I have an excel database like below. The Excel database had option to enter only 3 drug details. Wherever there are more than 3 drugs, it has been entered into another row with PID and Date.

Is there a way I can merge the rows in R so that each patient's records will be in a single row?
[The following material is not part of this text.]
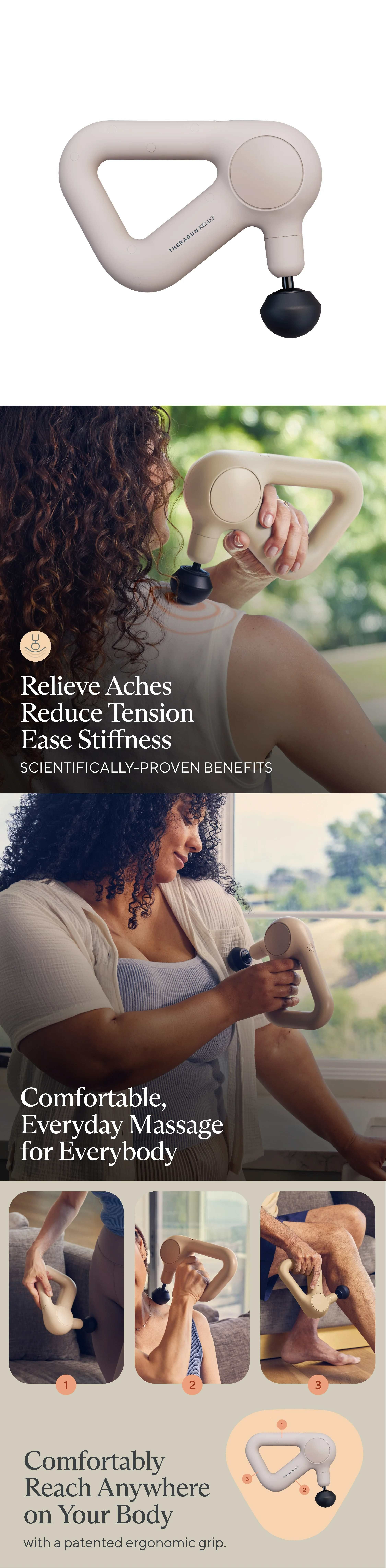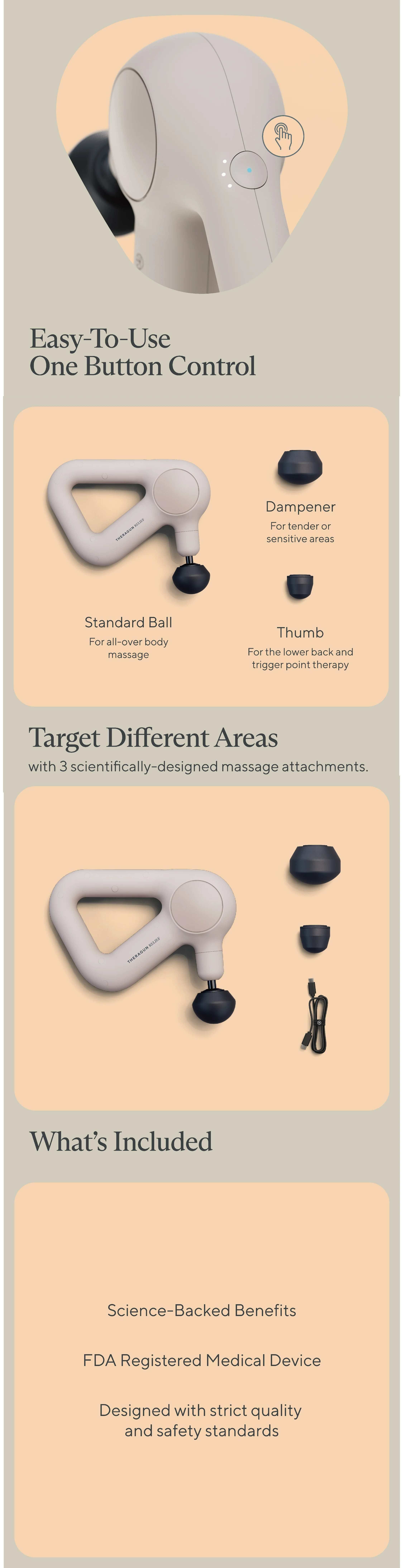採用符合人體工學的三角手柄設計,無論用家握著三角形上任何一條手柄,都能保持絕佳平衡,可以更舒適及靈活地按摩身體不同部位。按摩槍提供 10mm 振動幅度按摩功能,配合跟機的 3 種按摩槍頭,可為全身不同肌肉進行按摩,紓緩日常疼痛並改善睡眠質素。機身配備一個實體鍵,簡單易用。Theragun Relief 凈重 642g,方便隨身攜帶及在出國旅遊時使用。亦讓您比以往使用得更輕鬆、 感受更舒適。

In the example below, I need to merge Row 1 & 2 and 4 & 6.

Thanks.

Row PID Date Drug1 Dose1 Drug2 Dose2 Drug3 Dose3 Age Place
1 11A 25/10/2021 RPG 12 NAT 34 QRT 5 45 PMk
2 11A 25/10/2021 BET 10 SET 43 BLT 45
3 12B 20/10/2021 ATY 13 LTP 3 CRT 3 56 GTL
4 13A 22/10/2021 GGS 7 GSF 12 ERE 45 45 RKS
5 13A 26/10/2021 BRT 9 ARR 4 GSF 34 46 GLO
6 13A 22/10/2021 DFS 5
7 14B 04/08/2021 GDS 2 TRE 55 HHS 34 25 MTK

CodePudding user response:

Up front, the two methods below are completely different, not equivalents in "base R vs dplyr". I'm sure either can be translated to the other.

dplyr

The premise here is to first reshape/pivot the data longer so that each Drug/Dose is on its own line, renumber them appropriately, and then bring it back to a wide state.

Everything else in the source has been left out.